# Internships 4 America



## ChungyUK (Feb 27, 2008)

Hey guys you might have come across me on one of the internship pages but I need to know a few things.

I've been offered a Internship at the Internship 4 America company and they've offered me a IT intern position. I told them my situation saying i've graduated from University last yr in the UK and wanted to do a Internship in the USA. The reason I want to this is because I want to gain international experience and sample a new culture etc. Anyway I got a reply saying i got accepted, which was exciting. I've already had 2 interviews over the phone and they sound really nice but you know what they say....when something sounds good to be true, it probably is.

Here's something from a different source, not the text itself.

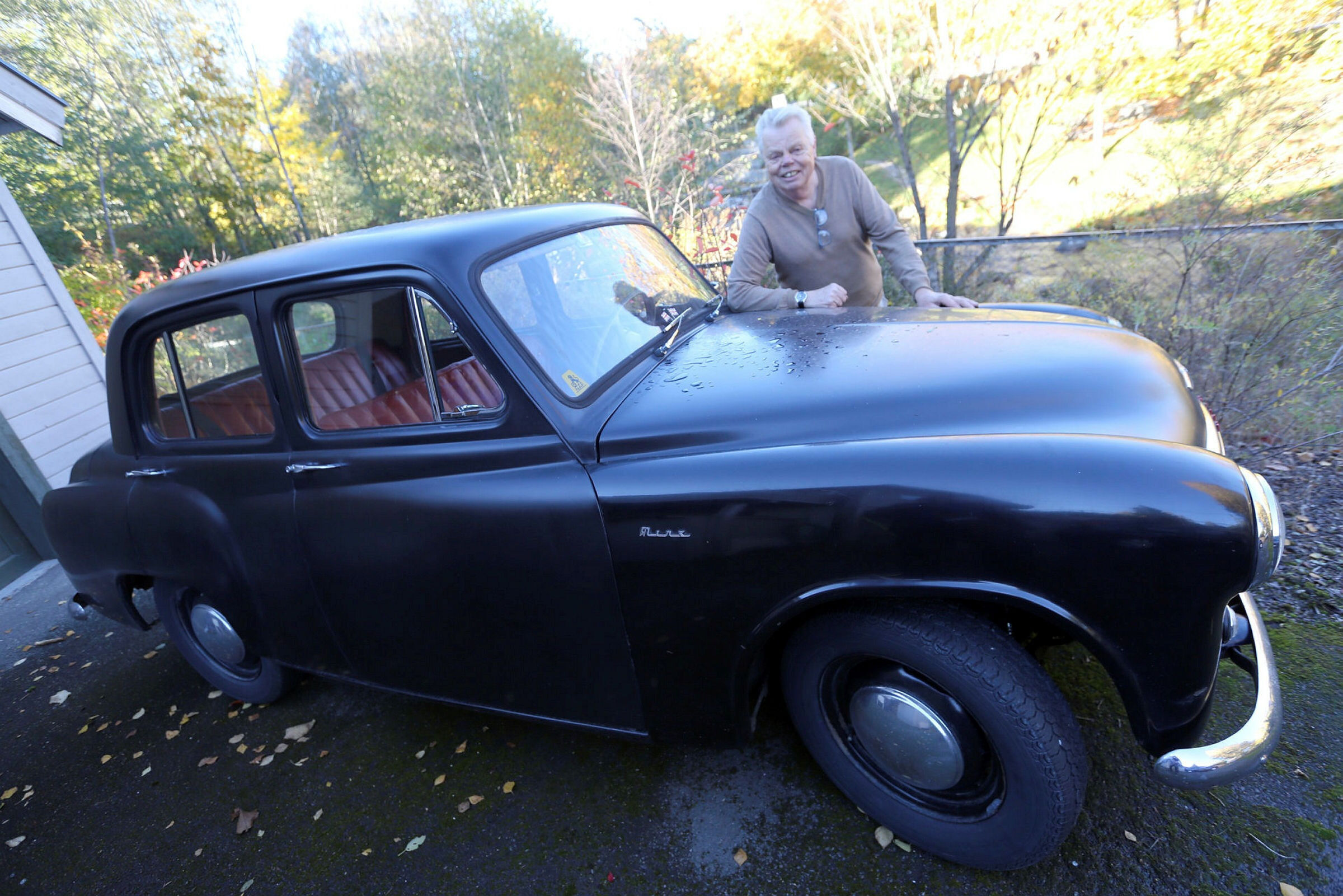 – Jeg bare utfører min oppgave som veteranbilbarnevakt, humrer Tom. «Barnets» navn er en engelsk-produsert Hillman Minx, årgang 1955.

But I've read somewhere that this company is a fake and they scam you big time. Its roughly around $3,647 or something for this 18 month programme and they provide you with free housing and pay you a stipend of $6.55 per hour which isnt much. I think the programme itself is expensive but is that how much internship programs cost?

I would like to know if anyone recently or in the past has taken up an internship with this company? I am desperate to do an internship in the USA but havin second thoughts right now....can anyone out there help me please?


----------



## Bevdeforges (Nov 16, 2007)

I have to say that their website doesn't inspire great confidence. If they are a legit program, it seems odd that they are operating from a "freebie" website parking service.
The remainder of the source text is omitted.